## Records for the task
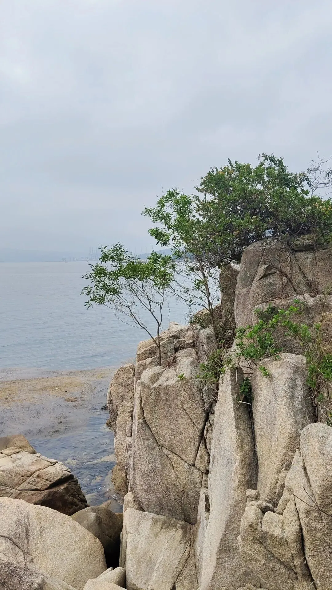 海岸线的礁石更是造物主的狂草。亿万年的海浪侵蚀,将花岗岩雕琢成千奇百怪的形态:有的如巨象饮水,长鼻探入碧波;有的似老僧入定,面朝大海冥思;更有成片的风动石,看似摇摇欲坠,实则稳如泰山。似老者诉说着过往,潮来之时,海浪撞在礁石上,碎成漫天银花,涛声阵阵,如钟鼓齐鸣;潮退之后,礁石裸露,缝隙间藏着贝壳、小蟹,藏着大海温柔的馈赠。古人云“千淘万漉虽辛苦,吹尽狂沙始到金”,这礁石便是大海千淘万漉后的坚守,任凭风浪起,兀自岿然不动,一如这片土地上生生不息的生灵,有着刻入骨髓的坚韧。苏轼在《石钟山记》中的探幽精神,"事不目见耳闻,而臆断其有无,可乎?"背仔角的每一块礁石,都是大自然写下的注脚,等待有心人前来解读。
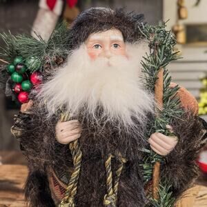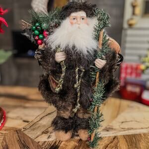 Rustic Old World Woodland Mountain Man Santa Tabletop Christmas Decor , 16”H
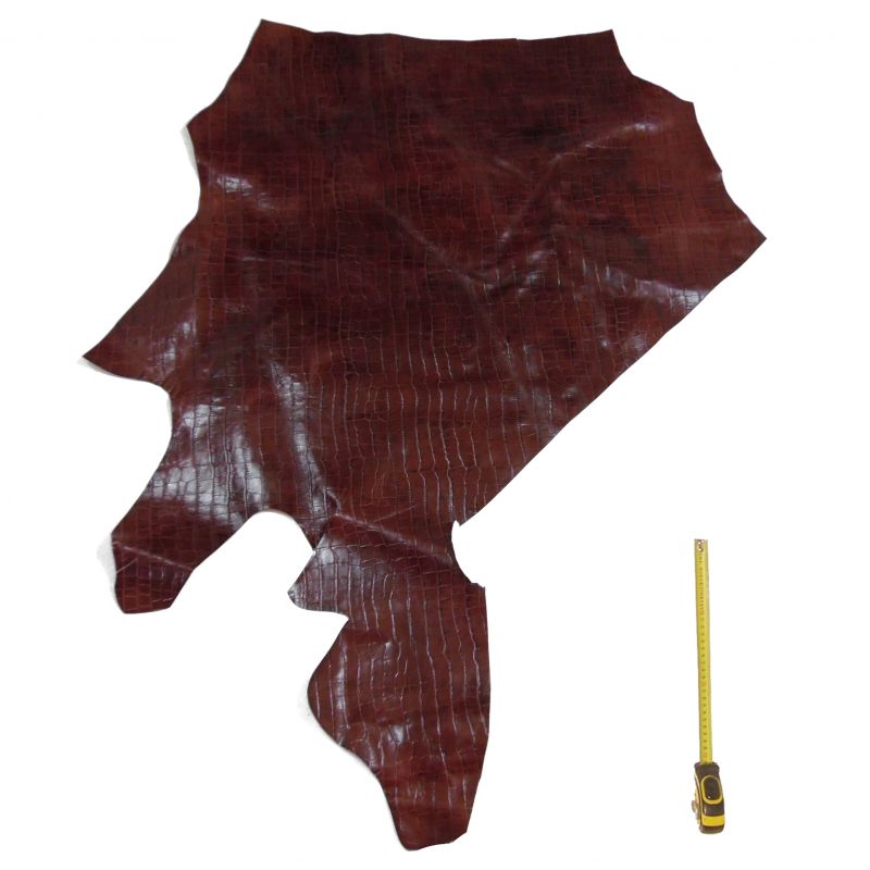 Cuir Vachette Pl Fleur Imprime Croco Bordeaux Xl Texture Cuir Peau Cuir
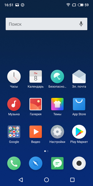 Flyme OS 7 — все такой же максимально лаконичный по сравнению с иными «развесистыми» китайскими оболочками красивый интерфейс с упорядоченными меню и одинакового размера иконками. В смартфоне предустановлены файловый менеджер, диктофон и целый набор «инструментов»: «линейка», «уровень», фонарик с режимом SOS, компас и многое другое.
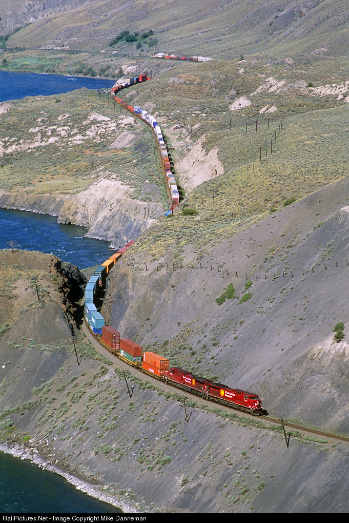 | A westbound Canadian Pacific intermodal train snakes through the curves of Black Canyon, west of Ashcroft, British Columbia, on June 25, 2006. |
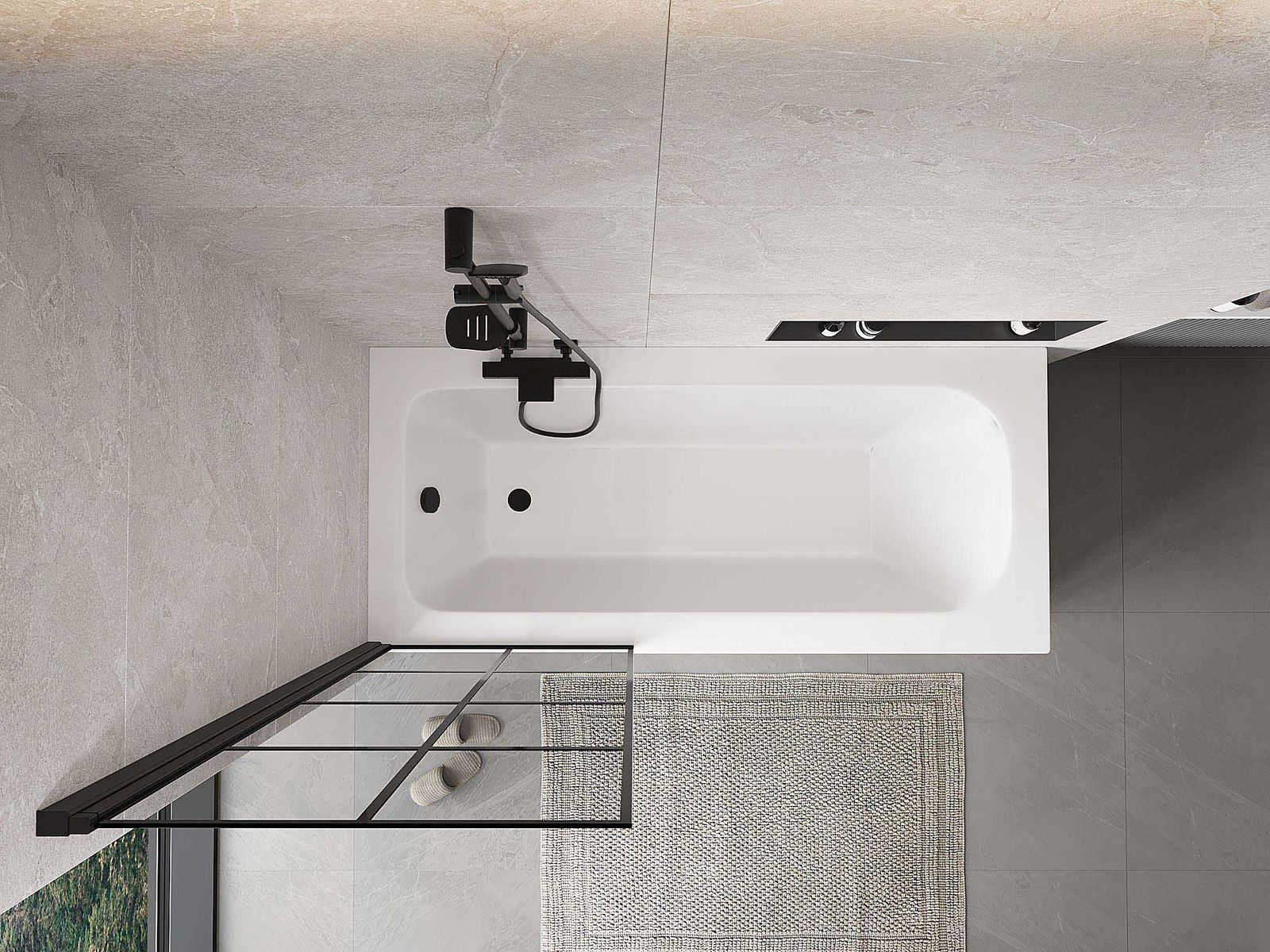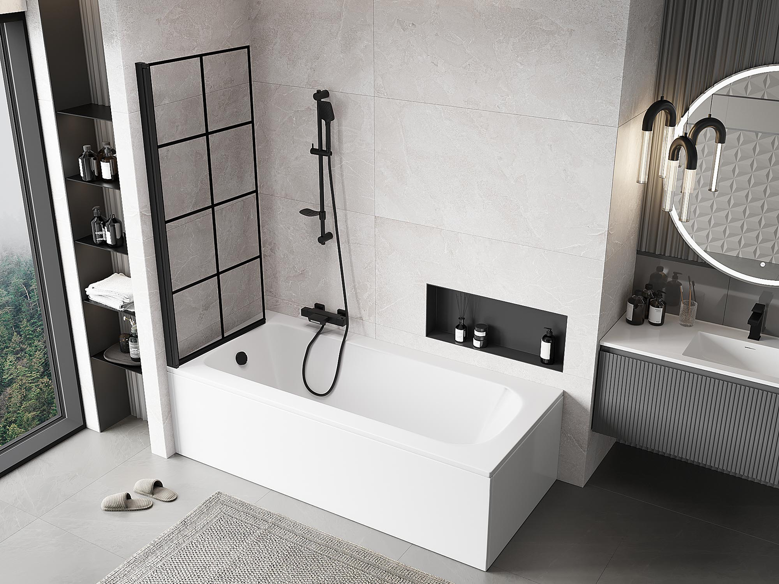 Proteção eficaz contra o derramamento de água durante o banho. O parapeito possui vedações que se ajustam perfeitamente à superfície do vidro e à borda da banheira. Solução funcional que garante segurança e fácil manutenção da limpeza.
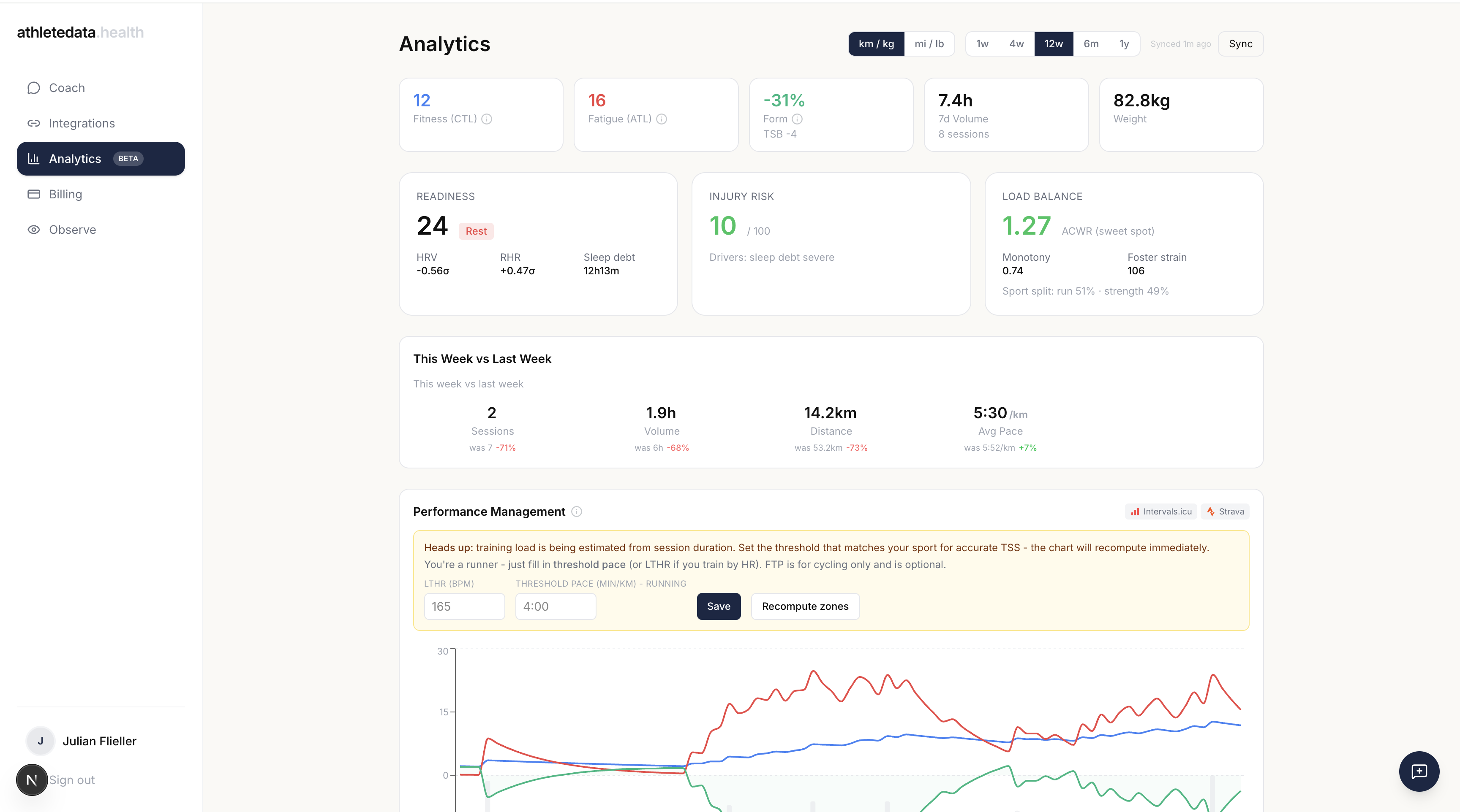Would love feedback - try it at athletedata.health (free trial ofc, no strings attached)
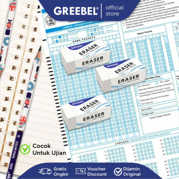 4. Tahan Lama: Penghapus pensil Greebel dibuat dari bahan berkualitas tinggi, sehingga awet digunakan meski sering dipakai.
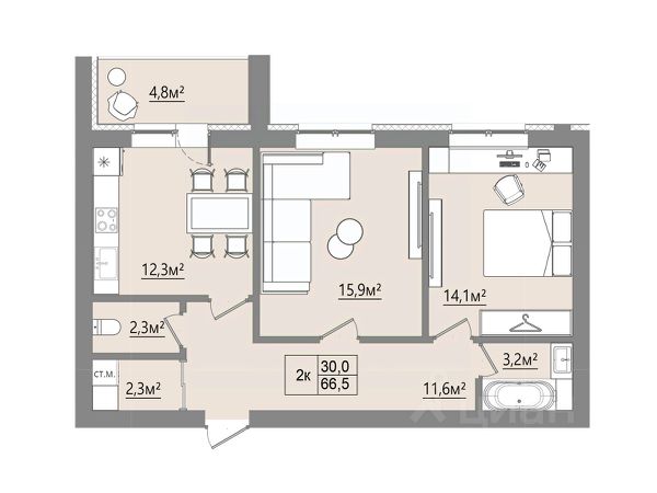 "Финский квартал" — это новый формат городского жилья, с впечатляющей территорией и продуманной философией жилья. В основе проекта — финская философия домостроения. Строгость форм, природные цвета, сочетание кирпичной кладки, стекла, штукатурки и текстуры дерева. Жилой комплекс расположен в экологически чистом районе - Яменском сельском поселении, в пяти минутах езды от города, напротив Сити-парка "Град". Месторасположение сочетает в себе близость суперрегионального объекта - Сити-парка "Град" (более 270 магазинов одежды и обуви, 30 ресторанов и кафе, 10 продовольственных магазинов). А также природных территорий - лесного массива, озер и реки Дон. ЖК "Финский квартал" — это кирпичное домостроение с монолитным плитным фундаментом под каждой секцией. Это одно из самых надежных и современных решений строительства. В каждой секции — достаточное количество кладовых помещений, которые возможно приобрести отдельно. Подъезды сквозные, со стороны двора вход выполнен на нулевом уровне, что создает безбарьерную среду. На входах — обязательные грязезащитные решетки. Качественные бесшумные лифты с большой грузоподъемностью (1000 кг). Колясочные для хранения детского транспорта. На территории жилого комплекса можно жить полноценной загородной жизнью: заниматься спортом, читать в гамаке, гулять около пруда в собственном сквере, жарить мясо на площадке для барбекю. В ЖК "Финский квартал" использована концепция "двор без машин", делающая двор максимально безопасным для детей, полностью свободным от припаркованных авто. Для автолюбителей будет реализована высокая обеспеченность парковочными местами. Для велолюбителей предусмотрены велодорожки, соединяющие объекты комплекса. В каждом дворе три зоны детская, активная и места для отдыха. В детской части запланированы современные развивающие игровые комплексы для детей различных возрастов. Активные зоны предназначены для занятия спортом, есть площадки с уличными тренажёрами и воркаут. На территории планируется как спортивные площадки в каждом дворе, так и общая мультиспортивная зона. Во дворах жители смогут поддерживать спортивную форму и заряжаться энергией на уличных тренажёрах и турниках (воркаут). Территория квартала будет огорожена по периметру. Машино-места для парковки расположены в основном пор периметру жилого комплекса. Подъезды и периметр жилых домов оборудуют системой видеонаблюдения. На подъездах будут установлены видеодомофоны, в квартирах аудиотрубки, которые при желании жители могут заменить на видеотрубку. Месторасположение сочетает в себе близость суперрегионального объекта — Сити-парка "Град", а также природных территорий. За жилым комплексом территориально закреплены социальные объекты: детский сад МКДОУ Яменский "Солнышко" на 203 места, детский сад МКДОУ Яменский "Рождественский" на 220 мест и новая школа МКОУ Яменская СОШ на 1100 мест, к которой детей возит школьный автобус. Квартира от застройщика в Рамонском районе Воронежской области.

## Problem statement
Leave out the pictures and restate, word for word, the lines from the top of the data through the line containing "Cuir Vachette Pl", both included.

## Solution below
 海岸线的礁石更是造物主的狂草。亿万年的海浪侵蚀,将花岗岩雕琢成千奇百怪的形态:有的如巨象饮水,长鼻探入碧波;有的似老僧入定,面朝大海冥思;更有成片的风动石,看似摇摇欲坠,实则稳如泰山。似老者诉说着过往,潮来之时,海浪撞在礁石上,碎成漫天银花,涛声阵阵,如钟鼓齐鸣;潮退之后,礁石裸露,缝隙间藏着贝壳、小蟹,藏着大海温柔的馈赠。古人云“千淘万漉虽辛苦,吹尽狂沙始到金”,这礁石便是大海千淘万漉后的坚守,任凭风浪起,兀自岿然不动,一如这片土地上生生不息的生灵,有着刻入骨髓的坚韧。苏轼在《石钟山记》中的探幽精神,"事不目见耳闻,而臆断其有无,可乎?"背仔角的每一块礁石,都是大自然写下的注脚,等待有心人前来解读。
 Rustic Old World Woodland Mountain Man Santa Tabletop Christmas Decor , 16”H
 Cuir Vachette Pl Fleur Imprime Croco Bordeaux Xl Texture Cuir Peau Cuir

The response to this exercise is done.